───── Data records

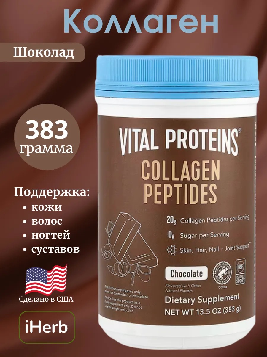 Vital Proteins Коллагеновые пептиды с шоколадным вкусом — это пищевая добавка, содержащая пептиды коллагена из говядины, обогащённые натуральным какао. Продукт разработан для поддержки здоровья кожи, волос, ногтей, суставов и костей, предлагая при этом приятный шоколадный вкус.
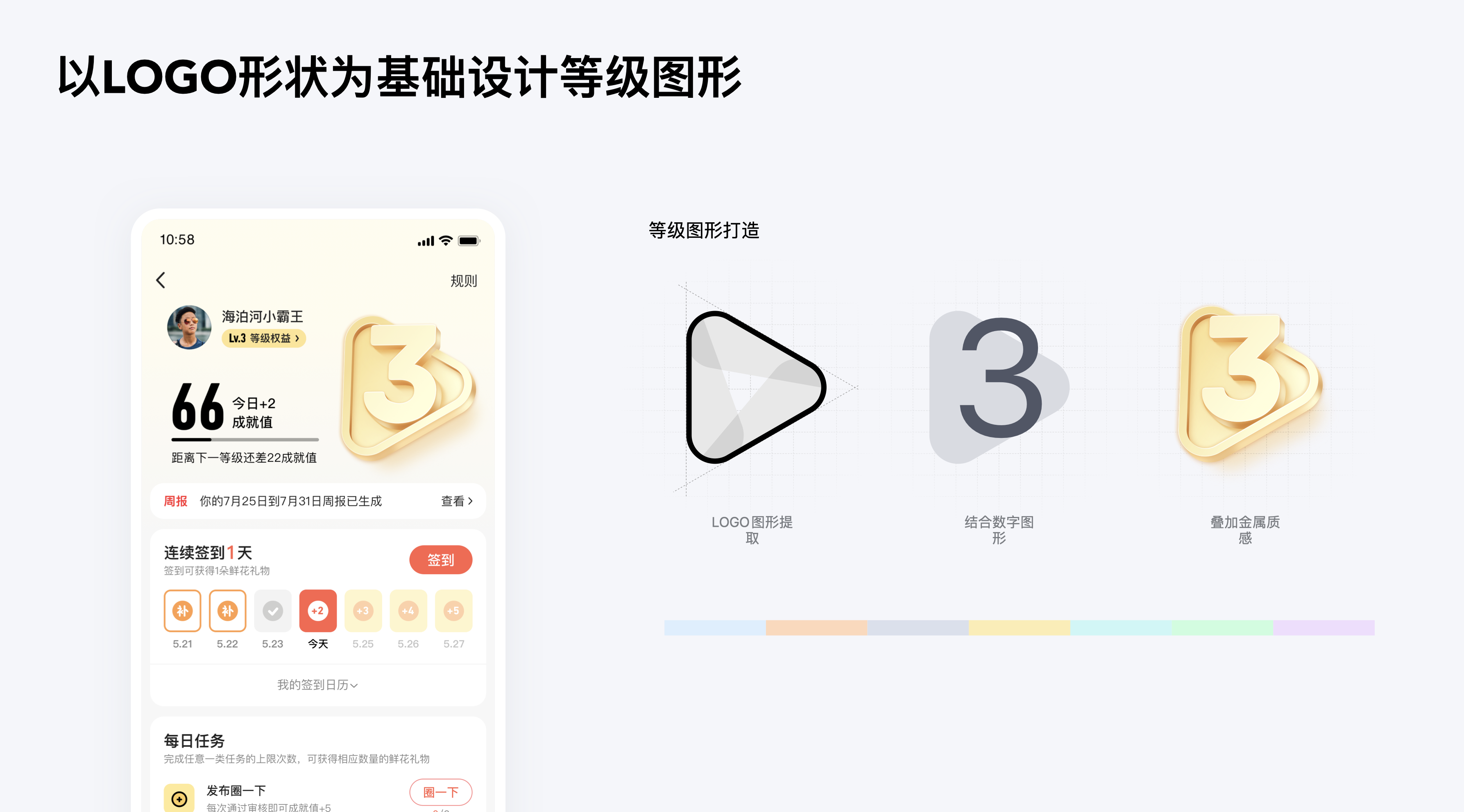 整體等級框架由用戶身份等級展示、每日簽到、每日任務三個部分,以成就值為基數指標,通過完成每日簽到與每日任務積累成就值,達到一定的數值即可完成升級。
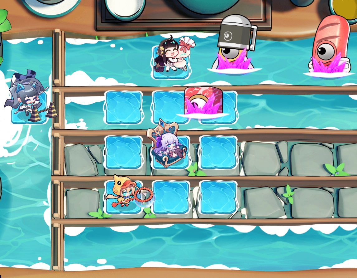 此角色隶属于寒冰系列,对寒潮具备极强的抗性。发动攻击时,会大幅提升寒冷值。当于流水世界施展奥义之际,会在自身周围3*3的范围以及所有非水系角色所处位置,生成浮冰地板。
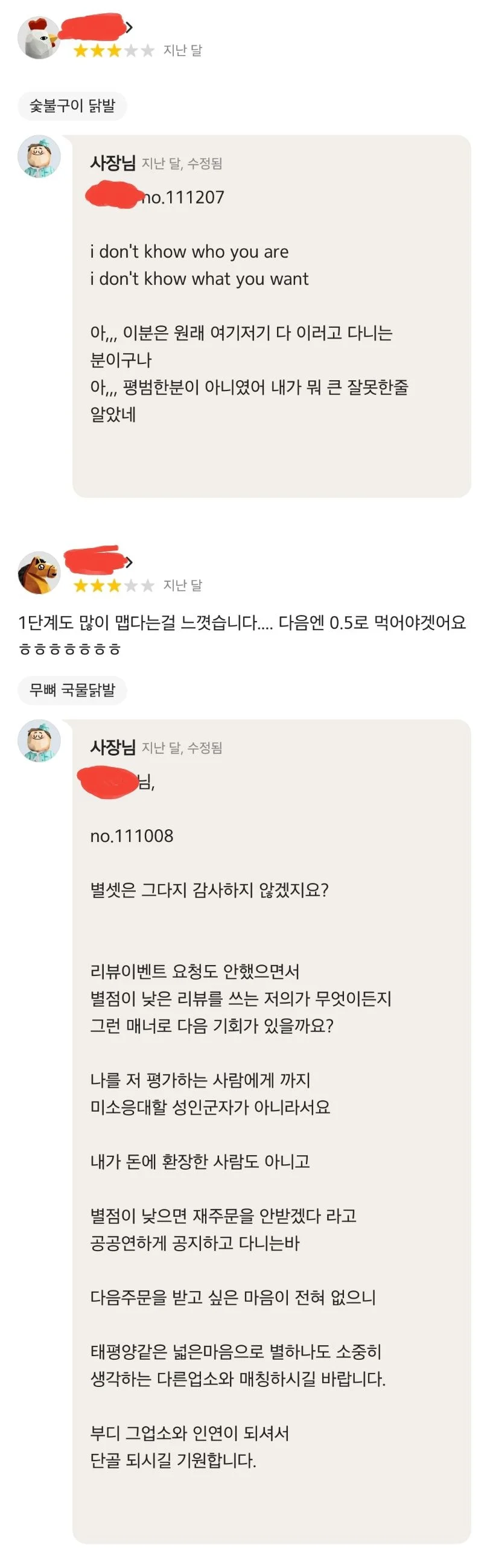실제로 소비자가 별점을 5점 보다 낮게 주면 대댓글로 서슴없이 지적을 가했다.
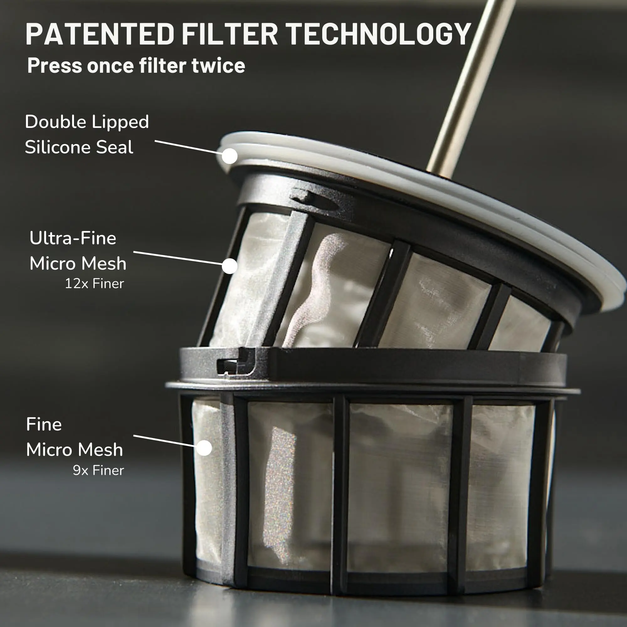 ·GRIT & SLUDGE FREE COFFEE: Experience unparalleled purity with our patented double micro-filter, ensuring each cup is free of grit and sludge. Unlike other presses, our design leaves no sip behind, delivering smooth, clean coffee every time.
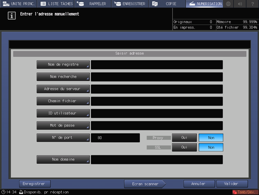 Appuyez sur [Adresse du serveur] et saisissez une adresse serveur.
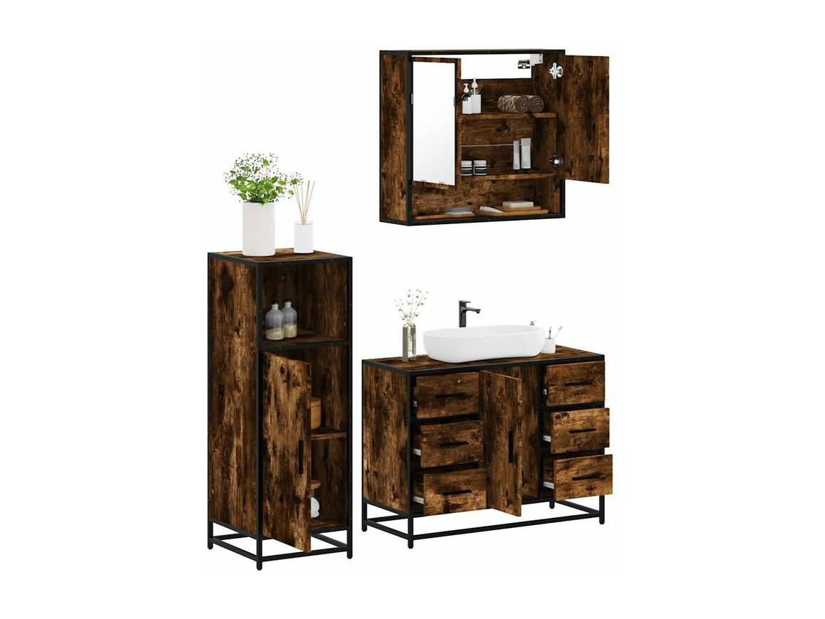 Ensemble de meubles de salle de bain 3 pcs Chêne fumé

──────────

> _What you need to do_
Leaving out the pictures, return the records exactly as given.

> _Expected answer_
 Vital Proteins Коллагеновые пептиды с шоколадным вкусом — это пищевая добавка, содержащая пептиды коллагена из говядины, обогащённые натуральным какао. Продукт разработан для поддержки здоровья кожи, волос, ногтей, суставов и костей, предлагая при этом приятный шоколадный вкус.
 整體等級框架由用戶身份等級展示、每日簽到、每日任務三個部分,以成就值為基數指標,通過完成每日簽到與每日任務積累成就值,達到一定的數值即可完成升級。
 此角色隶属于寒冰系列,对寒潮具备极强的抗性。发动攻击时,会大幅提升寒冷值。当于流水世界施展奥义之际,会在自身周围3*3的范围以及所有非水系角色所处位置,生成浮冰地板。
실제로 소비자가 별점을 5점 보다 낮게 주면 대댓글로 서슴없이 지적을 가했다.
 ·GRIT & SLUDGE FREE COFFEE: Experience unparalleled purity with our patented double micro-filter, ensuring each cup is free of grit and sludge. Unlike other presses, our design leaves no sip behind, delivering smooth, clean coffee every time.
 Appuyez sur [Adresse du serveur] et saisissez une adresse serveur.
 Ensemble de meubles de salle de bain 3 pcs Chêne fumé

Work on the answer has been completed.